What is expected
Please write out the records exactly.

Records shown

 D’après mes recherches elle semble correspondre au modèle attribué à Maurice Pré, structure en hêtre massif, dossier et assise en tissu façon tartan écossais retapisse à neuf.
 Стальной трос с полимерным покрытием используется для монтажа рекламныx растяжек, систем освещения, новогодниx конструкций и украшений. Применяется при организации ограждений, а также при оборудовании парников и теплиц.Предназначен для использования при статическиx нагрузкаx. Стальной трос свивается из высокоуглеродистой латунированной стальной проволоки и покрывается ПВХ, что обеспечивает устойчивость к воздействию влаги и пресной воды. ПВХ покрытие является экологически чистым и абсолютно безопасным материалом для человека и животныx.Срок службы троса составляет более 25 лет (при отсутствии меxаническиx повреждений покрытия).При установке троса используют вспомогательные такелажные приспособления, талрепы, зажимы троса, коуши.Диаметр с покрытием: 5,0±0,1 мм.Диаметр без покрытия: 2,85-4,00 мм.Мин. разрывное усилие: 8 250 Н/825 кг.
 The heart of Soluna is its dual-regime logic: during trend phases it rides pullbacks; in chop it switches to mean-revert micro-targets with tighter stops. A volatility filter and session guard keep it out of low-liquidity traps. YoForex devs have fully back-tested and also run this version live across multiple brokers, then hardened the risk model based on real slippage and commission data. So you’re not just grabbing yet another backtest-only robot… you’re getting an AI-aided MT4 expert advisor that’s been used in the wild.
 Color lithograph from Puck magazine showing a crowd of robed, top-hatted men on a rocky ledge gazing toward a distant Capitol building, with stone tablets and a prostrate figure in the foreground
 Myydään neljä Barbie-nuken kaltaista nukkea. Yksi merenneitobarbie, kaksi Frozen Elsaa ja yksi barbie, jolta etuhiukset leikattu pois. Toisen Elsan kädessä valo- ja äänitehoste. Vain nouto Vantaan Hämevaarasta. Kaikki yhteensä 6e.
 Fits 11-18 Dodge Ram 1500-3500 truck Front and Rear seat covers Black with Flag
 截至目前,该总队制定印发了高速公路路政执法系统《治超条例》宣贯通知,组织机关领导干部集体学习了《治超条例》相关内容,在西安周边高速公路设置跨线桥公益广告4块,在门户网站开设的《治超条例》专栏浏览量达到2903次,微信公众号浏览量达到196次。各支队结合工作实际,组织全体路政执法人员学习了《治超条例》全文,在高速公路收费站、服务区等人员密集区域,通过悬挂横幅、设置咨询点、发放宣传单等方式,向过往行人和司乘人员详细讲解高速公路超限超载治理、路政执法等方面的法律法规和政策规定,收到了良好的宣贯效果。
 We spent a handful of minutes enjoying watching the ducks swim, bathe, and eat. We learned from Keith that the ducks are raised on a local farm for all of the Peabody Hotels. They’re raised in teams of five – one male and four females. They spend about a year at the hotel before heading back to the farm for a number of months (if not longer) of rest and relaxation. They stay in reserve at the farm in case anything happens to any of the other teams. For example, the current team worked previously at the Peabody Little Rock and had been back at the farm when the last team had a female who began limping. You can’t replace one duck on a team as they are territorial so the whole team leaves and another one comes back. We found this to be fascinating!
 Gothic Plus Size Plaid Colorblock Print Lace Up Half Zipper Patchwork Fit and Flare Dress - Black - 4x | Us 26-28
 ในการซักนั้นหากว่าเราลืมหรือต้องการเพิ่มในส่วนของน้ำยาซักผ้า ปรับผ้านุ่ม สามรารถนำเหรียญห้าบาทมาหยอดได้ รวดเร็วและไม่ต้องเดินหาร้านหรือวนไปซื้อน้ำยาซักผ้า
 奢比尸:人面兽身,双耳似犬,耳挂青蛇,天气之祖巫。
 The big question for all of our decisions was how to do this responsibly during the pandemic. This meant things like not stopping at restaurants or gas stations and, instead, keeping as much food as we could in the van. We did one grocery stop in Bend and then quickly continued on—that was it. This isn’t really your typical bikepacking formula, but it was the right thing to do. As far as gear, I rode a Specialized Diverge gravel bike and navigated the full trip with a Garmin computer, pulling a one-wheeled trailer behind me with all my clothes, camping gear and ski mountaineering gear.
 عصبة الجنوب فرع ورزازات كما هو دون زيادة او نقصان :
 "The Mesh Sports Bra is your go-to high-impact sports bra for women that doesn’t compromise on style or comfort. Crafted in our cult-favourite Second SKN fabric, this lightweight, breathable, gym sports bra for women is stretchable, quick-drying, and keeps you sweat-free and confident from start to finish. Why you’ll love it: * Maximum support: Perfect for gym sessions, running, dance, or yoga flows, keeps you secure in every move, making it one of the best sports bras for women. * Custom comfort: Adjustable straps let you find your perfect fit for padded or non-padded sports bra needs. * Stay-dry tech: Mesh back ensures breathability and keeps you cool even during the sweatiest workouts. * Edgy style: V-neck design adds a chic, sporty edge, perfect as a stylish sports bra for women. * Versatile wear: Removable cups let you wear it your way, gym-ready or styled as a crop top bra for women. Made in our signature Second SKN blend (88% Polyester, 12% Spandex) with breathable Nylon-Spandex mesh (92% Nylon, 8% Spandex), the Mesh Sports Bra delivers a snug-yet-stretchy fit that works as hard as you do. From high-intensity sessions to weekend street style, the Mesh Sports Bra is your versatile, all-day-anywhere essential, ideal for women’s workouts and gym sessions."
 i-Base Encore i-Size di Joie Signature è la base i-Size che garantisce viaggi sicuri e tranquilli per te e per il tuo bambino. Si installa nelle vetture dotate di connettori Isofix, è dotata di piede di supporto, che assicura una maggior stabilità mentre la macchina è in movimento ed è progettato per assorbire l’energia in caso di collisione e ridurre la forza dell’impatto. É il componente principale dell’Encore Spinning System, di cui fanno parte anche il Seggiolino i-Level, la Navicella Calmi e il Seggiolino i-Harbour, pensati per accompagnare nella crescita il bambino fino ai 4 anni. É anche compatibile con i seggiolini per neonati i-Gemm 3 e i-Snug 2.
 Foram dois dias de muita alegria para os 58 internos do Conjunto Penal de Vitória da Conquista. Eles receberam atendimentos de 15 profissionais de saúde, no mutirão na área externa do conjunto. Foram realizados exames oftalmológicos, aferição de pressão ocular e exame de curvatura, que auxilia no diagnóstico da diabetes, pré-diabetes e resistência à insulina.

Finished exercise
 D’après mes recherches elle semble correspondre au modèle attribué à Maurice Pré, structure en hêtre massif, dossier et assise en tissu façon tartan écossais retapisse à neuf.
 Стальной трос с полимерным покрытием используется для монтажа рекламныx растяжек, систем освещения, новогодниx конструкций и украшений. Применяется при организации ограждений, а также при оборудовании парников и теплиц.Предназначен для использования при статическиx нагрузкаx. Стальной трос свивается из высокоуглеродистой латунированной стальной проволоки и покрывается ПВХ, что обеспечивает устойчивость к воздействию влаги и пресной воды. ПВХ покрытие является экологически чистым и абсолютно безопасным материалом для человека и животныx.Срок службы троса составляет более 25 лет (при отсутствии меxаническиx повреждений покрытия).При установке троса используют вспомогательные такелажные приспособления, талрепы, зажимы троса, коуши.Диаметр с покрытием: 5,0±0,1 мм.Диаметр без покрытия: 2,85-4,00 мм.Мин. разрывное усилие: 8 250 Н/825 кг.
 The heart of Soluna is its dual-regime logic: during trend phases it rides pullbacks; in chop it switches to mean-revert micro-targets with tighter stops. A volatility filter and session guard keep it out of low-liquidity traps. YoForex devs have fully back-tested and also run this version live across multiple brokers, then hardened the risk model based on real slippage and commission data. So you’re not just grabbing yet another backtest-only robot… you’re getting an AI-aided MT4 expert advisor that’s been used in the wild.
 Color lithograph from Puck magazine showing a crowd of robed, top-hatted men on a rocky ledge gazing toward a distant Capitol building, with stone tablets and a prostrate figure in the foreground
 Myydään neljä Barbie-nuken kaltaista nukkea. Yksi merenneitobarbie, kaksi Frozen Elsaa ja yksi barbie, jolta etuhiukset leikattu pois. Toisen Elsan kädessä valo- ja äänitehoste. Vain nouto Vantaan Hämevaarasta. Kaikki yhteensä 6e.
 Fits 11-18 Dodge Ram 1500-3500 truck Front and Rear seat covers Black with Flag
 截至目前,该总队制定印发了高速公路路政执法系统《治超条例》宣贯通知,组织机关领导干部集体学习了《治超条例》相关内容,在西安周边高速公路设置跨线桥公益广告4块,在门户网站开设的《治超条例》专栏浏览量达到2903次,微信公众号浏览量达到196次。各支队结合工作实际,组织全体路政执法人员学习了《治超条例》全文,在高速公路收费站、服务区等人员密集区域,通过悬挂横幅、设置咨询点、发放宣传单等方式,向过往行人和司乘人员详细讲解高速公路超限超载治理、路政执法等方面的法律法规和政策规定,收到了良好的宣贯效果。
 We spent a handful of minutes enjoying watching the ducks swim, bathe, and eat. We learned from Keith that the ducks are raised on a local farm for all of the Peabody Hotels. They’re raised in teams of five – one male and four females. They spend about a year at the hotel before heading back to the farm for a number of months (if not longer) of rest and relaxation. They stay in reserve at the farm in case anything happens to any of the other teams. For example, the current team worked previously at the Peabody Little Rock and had been back at the farm when the last team had a female who began limping. You can’t replace one duck on a team as they are territorial so the whole team leaves and another one comes back. We found this to be fascinating!
 Gothic Plus Size Plaid Colorblock Print Lace Up Half Zipper Patchwork Fit and Flare Dress - Black - 4x | Us 26-28
 ในการซักนั้นหากว่าเราลืมหรือต้องการเพิ่มในส่วนของน้ำยาซักผ้า ปรับผ้านุ่ม สามรารถนำเหรียญห้าบาทมาหยอดได้ รวดเร็วและไม่ต้องเดินหาร้านหรือวนไปซื้อน้ำยาซักผ้า
 奢比尸:人面兽身,双耳似犬,耳挂青蛇,天气之祖巫。
 The big question for all of our decisions was how to do this responsibly during the pandemic. This meant things like not stopping at restaurants or gas stations and, instead, keeping as much food as we could in the van. We did one grocery stop in Bend and then quickly continued on—that was it. This isn’t really your typical bikepacking formula, but it was the right thing to do. As far as gear, I rode a Specialized Diverge gravel bike and navigated the full trip with a Garmin computer, pulling a one-wheeled trailer behind me with all my clothes, camping gear and ski mountaineering gear.
 عصبة الجنوب فرع ورزازات كما هو دون زيادة او نقصان :
 "The Mesh Sports Bra is your go-to high-impact sports bra for women that doesn’t compromise on style or comfort. Crafted in our cult-favourite Second SKN fabric, this lightweight, breathable, gym sports bra for women is stretchable, quick-drying, and keeps you sweat-free and confident from start to finish. Why you’ll love it: * Maximum support: Perfect for gym sessions, running, dance, or yoga flows, keeps you secure in every move, making it one of the best sports bras for women. * Custom comfort: Adjustable straps let you find your perfect fit for padded or non-padded sports bra needs. * Stay-dry tech: Mesh back ensures breathability and keeps you cool even during the sweatiest workouts. * Edgy style: V-neck design adds a chic, sporty edge, perfect as a stylish sports bra for women. * Versatile wear: Removable cups let you wear it your way, gym-ready or styled as a crop top bra for women. Made in our signature Second SKN blend (88% Polyester, 12% Spandex) with breathable Nylon-Spandex mesh (92% Nylon, 8% Spandex), the Mesh Sports Bra delivers a snug-yet-stretchy fit that works as hard as you do. From high-intensity sessions to weekend street style, the Mesh Sports Bra is your versatile, all-day-anywhere essential, ideal for women’s workouts and gym sessions."
 i-Base Encore i-Size di Joie Signature è la base i-Size che garantisce viaggi sicuri e tranquilli per te e per il tuo bambino. Si installa nelle vetture dotate di connettori Isofix, è dotata di piede di supporto, che assicura una maggior stabilità mentre la macchina è in movimento ed è progettato per assorbire l’energia in caso di collisione e ridurre la forza dell’impatto. É il componente principale dell’Encore Spinning System, di cui fanno parte anche il Seggiolino i-Level, la Navicella Calmi e il Seggiolino i-Harbour, pensati per accompagnare nella crescita il bambino fino ai 4 anni. É anche compatibile con i seggiolini per neonati i-Gemm 3 e i-Snug 2.
 Foram dois dias de muita alegria para os 58 internos do Conjunto Penal de Vitória da Conquista. Eles receberam atendimentos de 15 profissionais de saúde, no mutirão na área externa do conjunto. Foram realizados exames oftalmológicos, aferição de pressão ocular e exame de curvatura, que auxilia no diagnóstico da diabetes, pré-diabetes e resistência à insulina.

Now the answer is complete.